- Opening Delimiter -

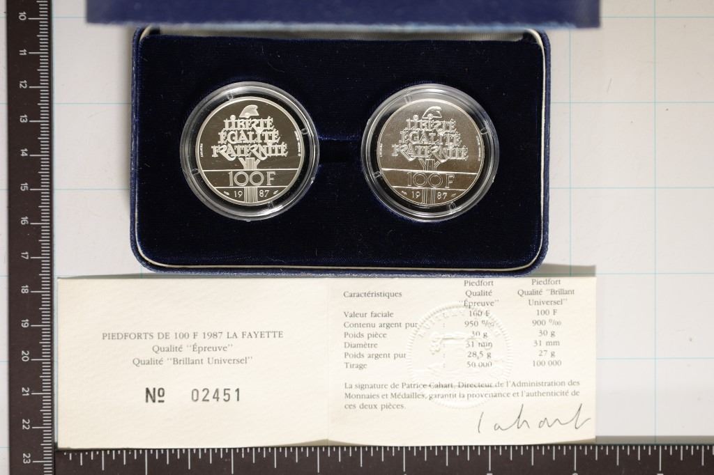 THE PROOF IS .950% SILVER, 31MM AND IS 28.5 GRAMS OF SILVER AND ONLY 50,000 MINTAGE, THE UNC IS .90% SILVER, 31MM AND IS 27 GRAMS OF SILVER WITH A MINTAGE OF ONLY 100,000. IN ORIGINAL MINT PACKAGING WITH CERTIFICATE. SET
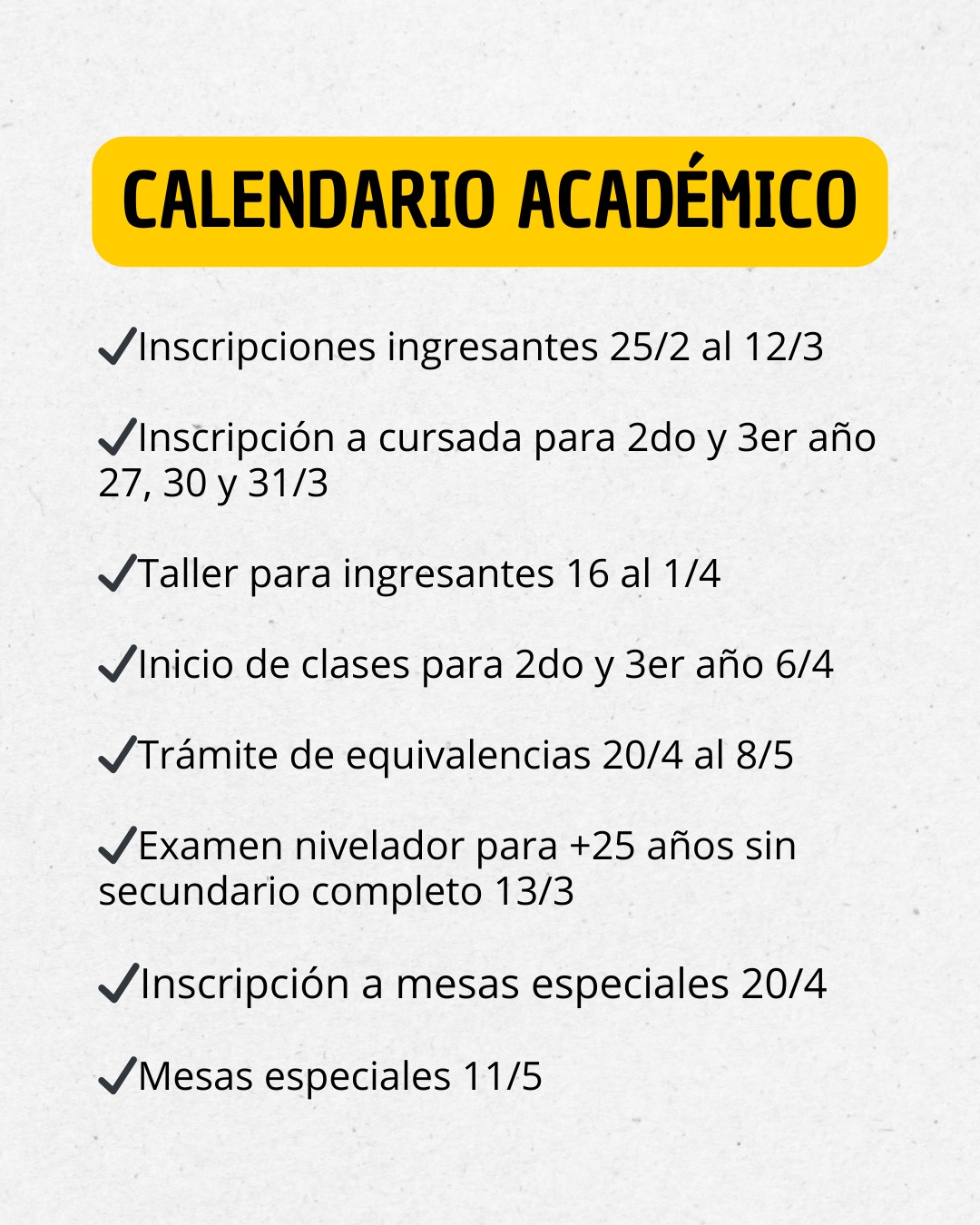 Calendario Académico 25 febrero, 202624 febrero, 2026 por Joana Paola Espinoza VOLVIMOS 🤓 ✍️Tomá nota!Les dejamos las fechas más importantes del Calendario Académico 2026 para esta primera parte del año.
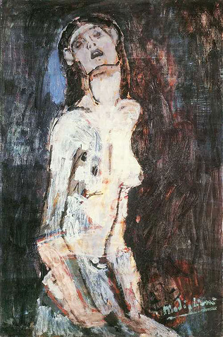 1908-Amedeo Modigliani (1884-1920). Leidender Akt, 1908. Richard Nathanson London. zeno.org. WikiCommons.

- Closing Delimiter -

Exercise requirements: Copy the listing exactly, omitting pictures.

Completed exercise:
 THE PROOF IS .950% SILVER, 31MM AND IS 28.5 GRAMS OF SILVER AND ONLY 50,000 MINTAGE, THE UNC IS .90% SILVER, 31MM AND IS 27 GRAMS OF SILVER WITH A MINTAGE OF ONLY 100,000. IN ORIGINAL MINT PACKAGING WITH CERTIFICATE. SET
 Calendario Académico 25 febrero, 202624 febrero, 2026 por Joana Paola Espinoza VOLVIMOS 🤓 ✍️Tomá nota!Les dejamos las fechas más importantes del Calendario Académico 2026 para esta primera parte del año.
 1908-Amedeo Modigliani (1884-1920). Leidender Akt, 1908. Richard Nathanson London. zeno.org. WikiCommons.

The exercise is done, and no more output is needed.